The Deflect team has spent the last two years mitigating DDoS attacks against independent media and human rights websites. We’ve learnt a thing or two along the way and have put a lot of effort into developing open source software to make our lives (and weekends) a bit easier. The BotnetDBP project consists of four components to detect and ban malicious bots.
Banjax: responsible for early stage filtering, challenging and banning of bots, identified via regular expression matching
Learn2Ban: introduces intelligent, adaptive features to botnet detection and banning by using a machine-learning approach.
Botbanger: uses the support vector machine model constructed by Learn2Ban to test HTTP traffic and determine the legitimacy of the requester.
Swabber: is responsible for managing the actual banning of IP addresses identified by either Banjax or Learn2ban
Notably, current Learn2Ban accuracy has been determined at 90% and above (i.e. both false positives and true negatives amounted to less than 10%).
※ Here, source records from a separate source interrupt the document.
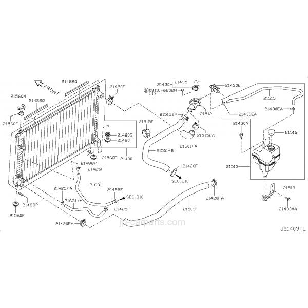 21517-JN20A Genuine Nissan PIPE-SUB RADIATOR 21517-3TS0A
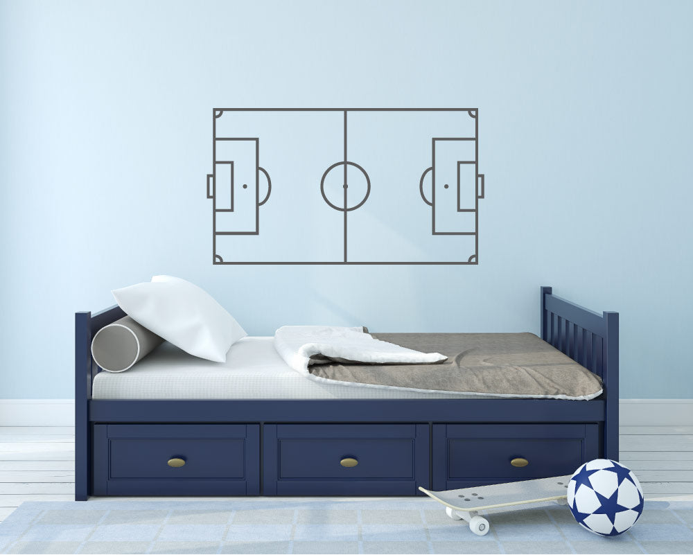 Transform your football nuts bedroom or playroom wall space with our Football Pitch Wall Sticker. Perfect for football fans, this high-quality, easy-to-apply decal brings the excitement of the game into your home. Made with durable, wall art specific vinyl, it’s hassle-free to install and remove without damaging walls.
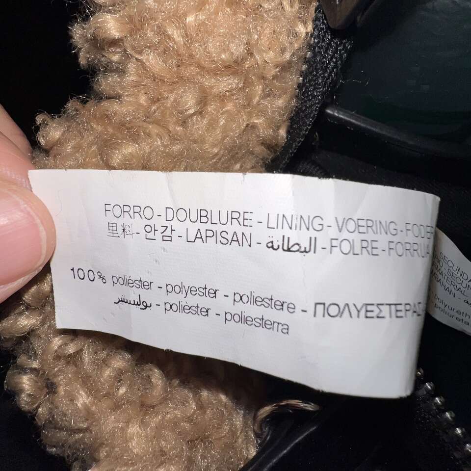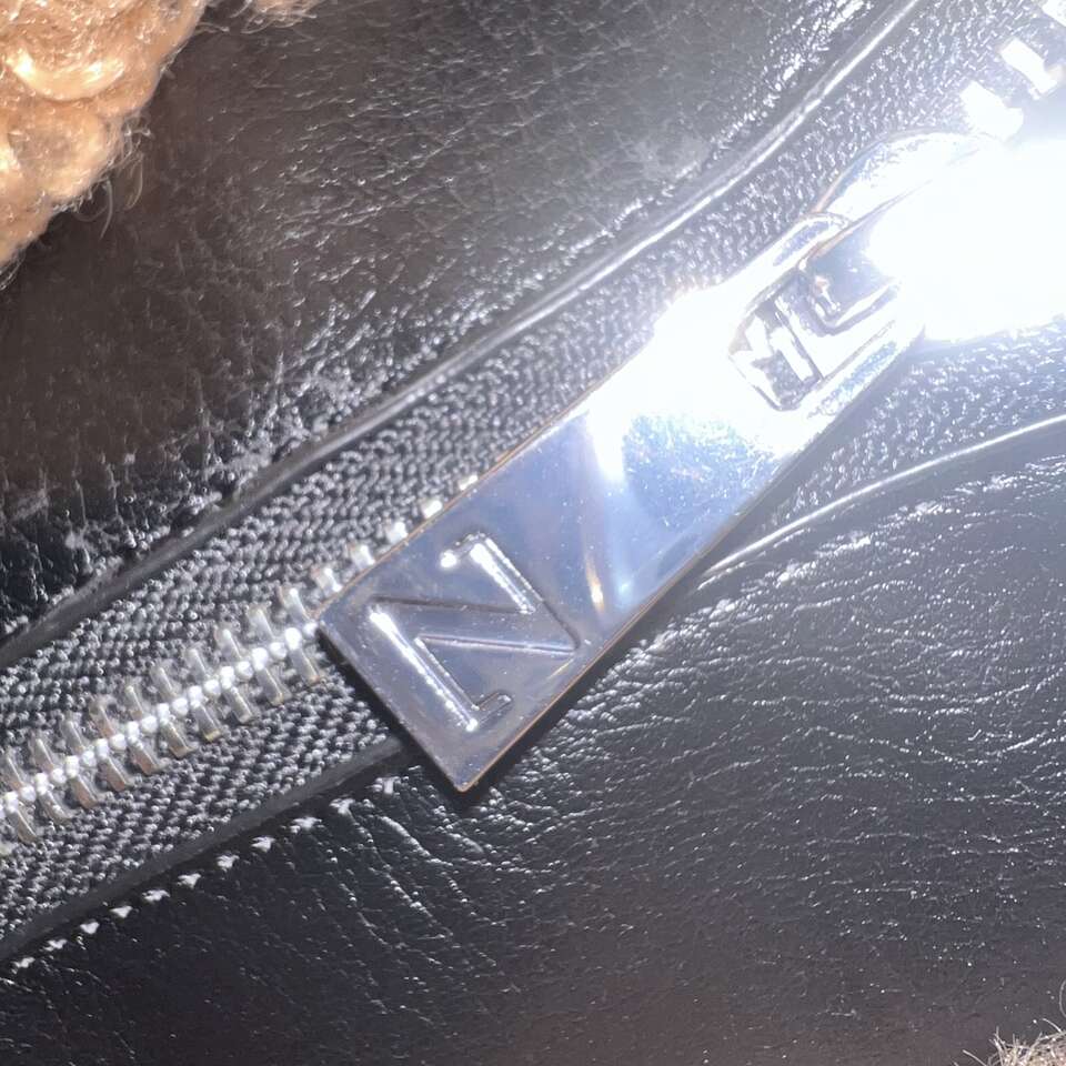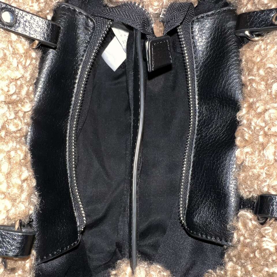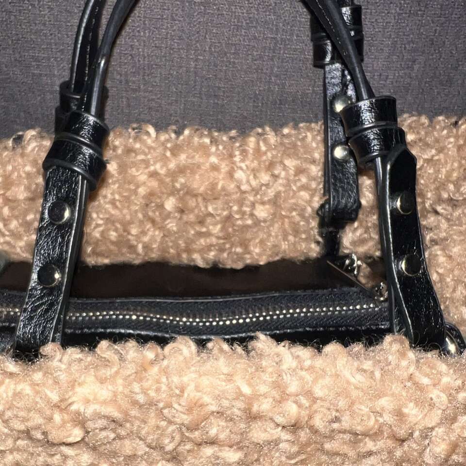 Plush, textured faux fur (sometimes referred to as teddy or sherpa) exterior in a neutral tan/camel color Black, faux leather accents - double strap handles, top of bag at closure, and bottom of bag 2 interior compartments - one of the compartments has a side slip pocket Zipper closure Metal feet on bottom Lightweight
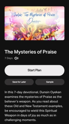 In a statement introducing the study plan, YouVersion highlighted its focus on the power of praise as a spiritual weapon: “In this 7-day devotional, Dunsin Oyekan examines the mysteries of Praise as the believer’s weapon. Through Old and New Testament examples, be encouraged to wield this spiritual weapon in both joyful and challenging moments. We would like to thank Integrity Music for providing this plan.”
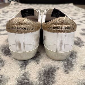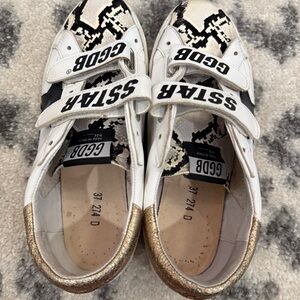 Stylish Golden Goose sneakers. White base with black star and accents. Velcro straps for easy wear. Perfect for casual outings.
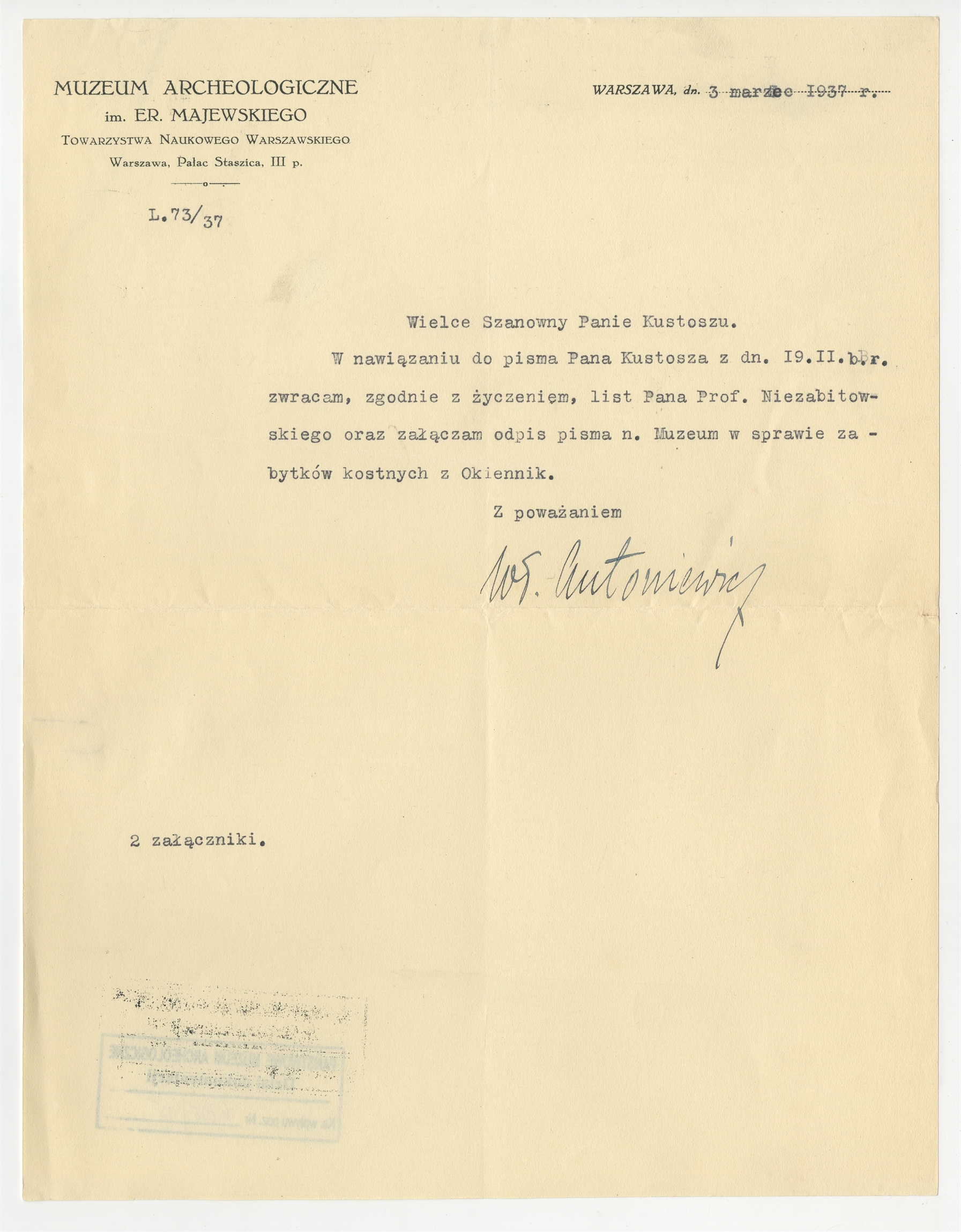 Pismo (wraz z załącznikiem) z Muzeum Archeologicznego im. E. Majewskiego z dnia 3 III 1937 r. Nr pisma: 73/37 skierowane do Kustosza (prof. Stefana Krukowskiego)
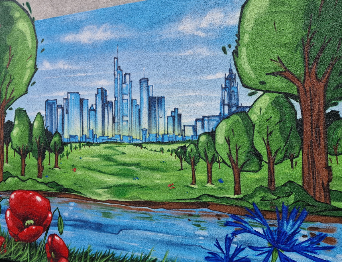 Das Ergebnis kann sich sehen lassen: Neben der Frankfurter Skyline und dem Main findet sich auch das Bornheimer Uhrtürmchen wieder – ein schönes Zeichen der Verbundenheit mit dem Stadtteil. So zeigt sich das Haus nun auch nach außen als lebendiger, bunter und vielfältiger Ort.
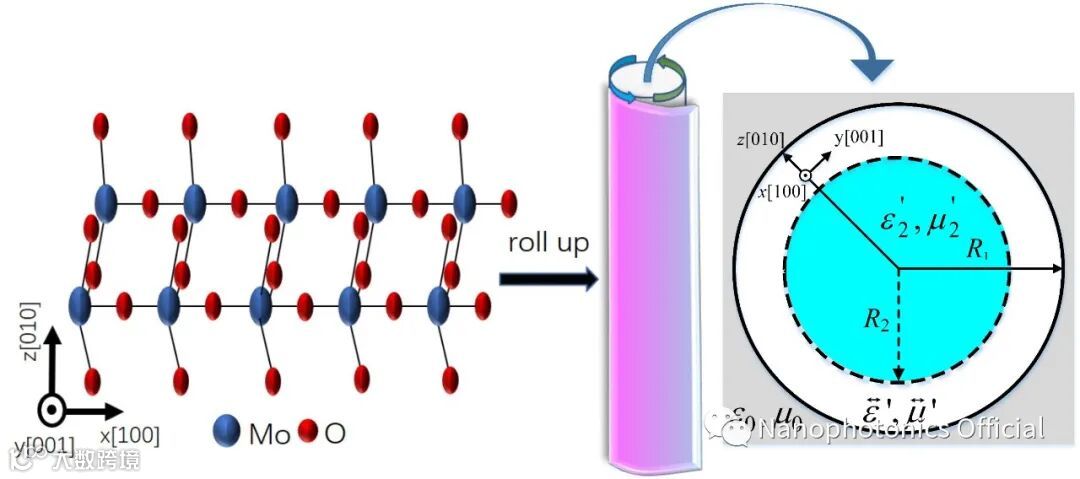 针对这些问题,近日厦门大学陈焕阳教授团队在Nanophotonics发表最新文章,在变换光学基础上使用了一种当前热门的自然双曲材料α-MoO3。当α-MoO3薄膜被卷在光纤上时(如图1所示),基于变换光学原理和Fabry-Pérot共振机制,电磁参数的无限大问题将会被解决,以达到隐藏电磁照明下的物体的目的,即隐身。此外,还研究了这种新型隐身聚光器的全角度隐身聚光效果和错觉效应。
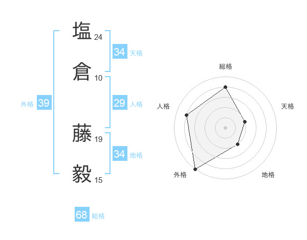 塩倉 藤毅さんの総格は68画の4点!
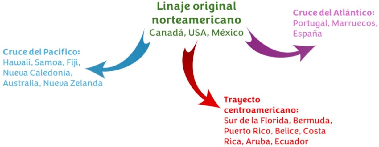 Figura 2. Tres trayectorias que han permitido el establecimiento de colonias anuales de monarcas en casi todo el mundo, a partir del linaje original norteamericano.
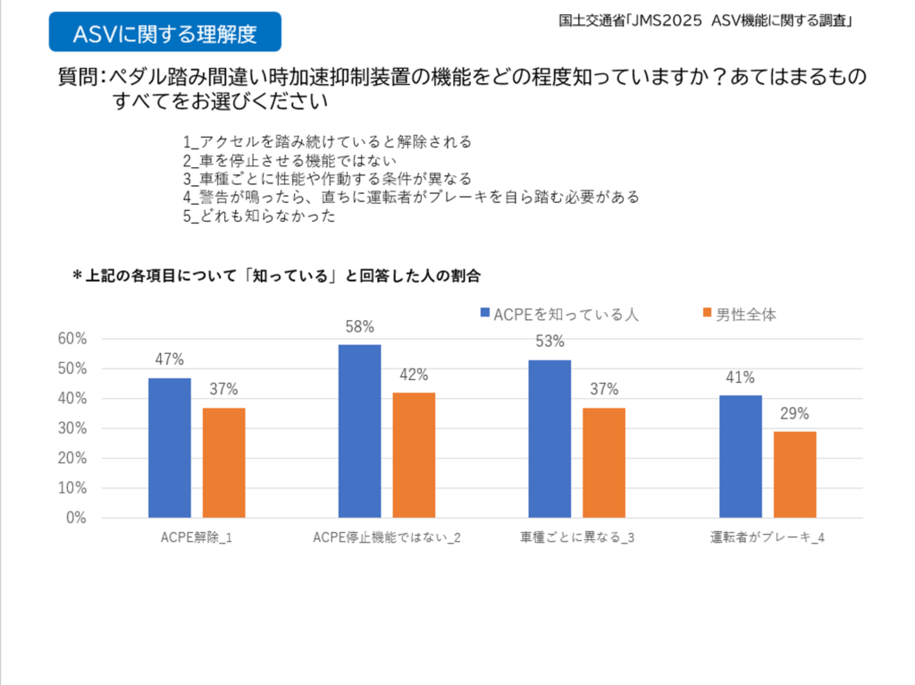 次に、それぞれの技術の機能限界や正しい使い方について聞いてみました。すると、技術について「知っている」と答えた人は、その技術の機能限界や正しい使い方についても認知度が高いという結果が出ました。特に、まだ全体としては技術自体を知っている人が約半数だったACPEやACCについて、技術を「知っている」人のグループと男性全体を比較すると、技術の機能限界や正しい使い方についても認知度は「知っている」グループが大きくリードしていました。ここは「やっぱりね」です。ただし、「え、そうなの?!」という結果も。
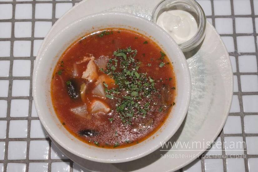 Суп на основі рибного бульйону та томатів з міксом м`яса риби: осетр, лосось та судак, з додаванням маринованих огірків, ріпчастої цибулі, каперсів, маслин та лимону. Подається зі сметаною.
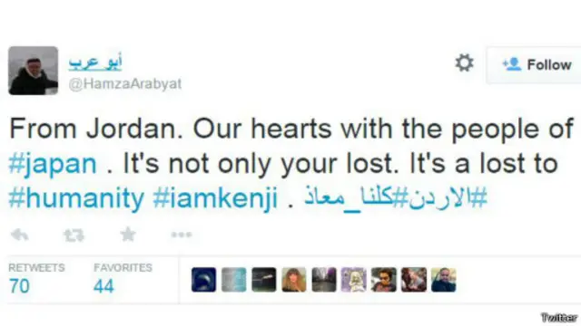 فكتب "ابو عرب" بالإنجليزية يقول: "قلوبنا هنا في الاردن مع اليابانيين، كينجي ليس فقيدكم فقط وإنما فقيد الانسانية".
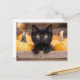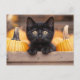 Adorable black kitten with golden eyes peeks out from a crate surrounded by pumpkins.
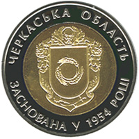 На реверсі монети зображено герб області, по колу розміщено написи: ЧЕРКАСЬКА ОБЛАСТЬ (угорі), ЗАСНОВАНА У 1954 РОЦІ (унизу). |
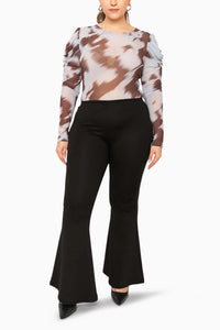 A bold bodysuit featuring an abstract brown and light blue print for striking contrast. The close-fitting silhouette is elevated with gathered sleeve detailing, adding texture and drama—perfect for layering or making a statement on its own.
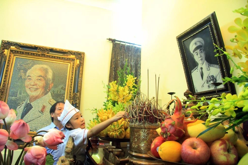 Mọi người thắp hương tỏ lòng thành kính, biết ơn đến công ơn to lớn của Đại tướng Võ Nguyên Giáp.
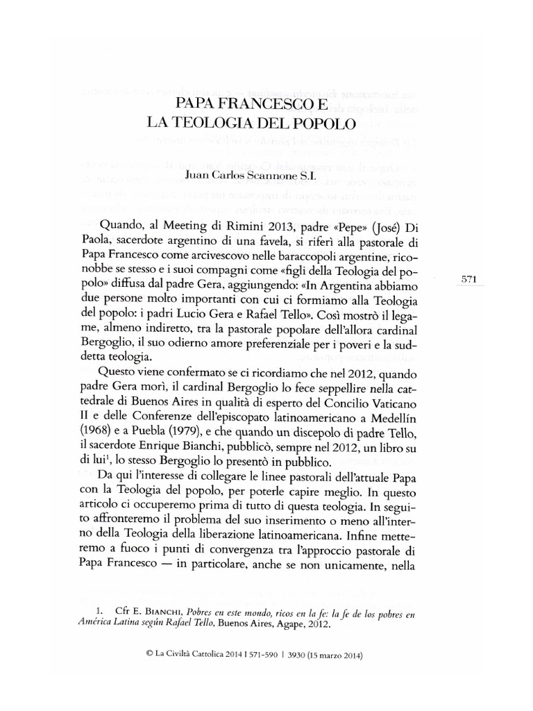 Salva Scannone Papa Francesco e La Teologia Del Popolo per dopo

In several cases, accuracy of 99% was achieved. We continue to develop models based on larger attacks the network receives
We rely on our community of peers and invite you to take a look at the code. Your commentary and analysis are essential to seeing this open source initiative mature and become of relevance to anyone running a web server. For reference, all components are built modularly and can be adapted to any web service environment, albeit Banjax was written as an Apache Traffic Server plugin.